Weinreb had a doctor’s appointment for the end of the week already scheduled and decided to wait until then to inquire about what could have possibly happened to her. Her doctor suggested she go for an MRI scan and the results showed that she had an ischemic stroke, which is caused by a blockage in an artery that supplies blood to the brain. The blockage reduces the blood flow and oxygen to the brain, leading to damage or death of brain cells. If circulation isn’t restored quickly, brain damage can be permanent.

According to the Centers for Disease Control and Prevention, every 40 seconds in the US, someone has a stroke and one in six deaths from cardiovascular disease were due to stroke. Every year, more than 795,000 people in the US have a stroke.

Shocked at first, Weinreb, who has made fitness and working out part of her life since she was young, was determined to try a new workout regime she had thought about before her stroke – CrossFit. Although she never found the cause of her stroke, Weinreb did get clearance about five months later to resume normal physical activity. 

Having done everything from step aerobics, spin class and kickboxing to Zumba, Weinreb admits she found CrossFit a bit intimidating at first, but finally got out to her first class in 2012 at a now defunct gym in the New Jersey area. Weinreb remembers doing a chipper workout with a large number of lunges and box jumps, and like most who try the sport, was instantly hooked.

“What I remember the most is that I would be back the next day and the day after that, I

was in love. I came back the next day and a consistent five to six days a week from that time forward.”

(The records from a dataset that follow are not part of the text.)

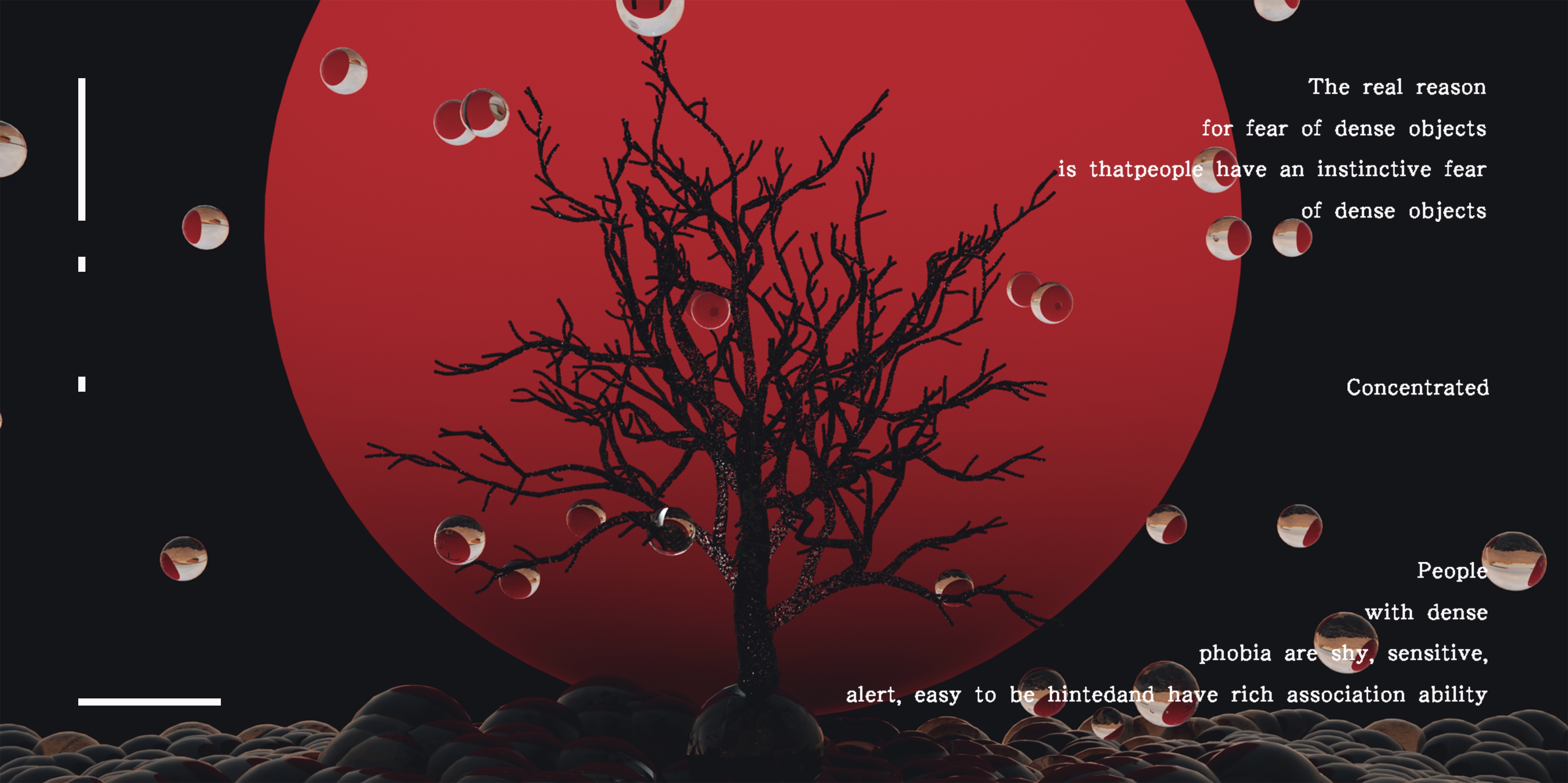 作品《密恐·视界》的宗旨是,让更多的人认识密集恐惧症人群,减少和避免密集视觉对患者的伤害,同时作品也可以用于脱敏治疗的方法,去治愈患有密集恐惧症的人群。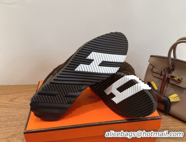 > Shoes Plaza > Hermes Shoes > Classic Hot Hermes Bouncing Sneakers in Perforated Suede Dark Brown 2026 H261013
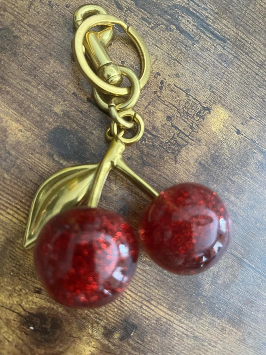 Adorable purse/phone/key charm. Features two red glitter cherries with gold accents. Gold-toned metal. Great for bags or keys. McCowan and 16th porch pick up ONLY. Cash ONLY. *** MOVING SALE…. See all my other items. Many are only $5.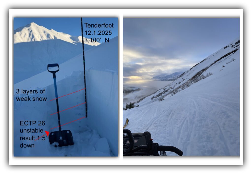 Meg from the Chugach National Forest Avalanche Center explains the snow conditions at Pastoral Valley at 3,400 feet on a northeast-facing slope, with Taylor Pass visible behind her, on December 7, 2025. Credit: Chugach National Forest Avalanche Center

Of course, Weinreb was still dealing with the after effects of having a stroke and the mental side of worrying that she might have another one, but she was able to press forward.  

“For at least the first year following my stroke, I had many instances during a workout when I experienced a headache and immediately thought I was having a stroke again. It took an immense amount of self-talk and support from coaches and members who became like family to me to help me realize that those thoughts were conjured up in my head and I was going to be alright.”

Now a L2 coach for both CrossFit Bacon in Matawan, NJ and CrossFit Barbending in East Brunswick, NJ, Weinreb has some sage advice for those who are hesitant to try the sport given they have an outstanding health issue. 

“I will say that a health scare can definitely cause anxiety,” she continued. “There have been moments when my heart is racing or I feel a little headache and I get scared. But when I complete a workout, stand up, get in my car, drive home and am alive, I know that I caused the anxiety. The mind is powerful and can make you think things that are not true.”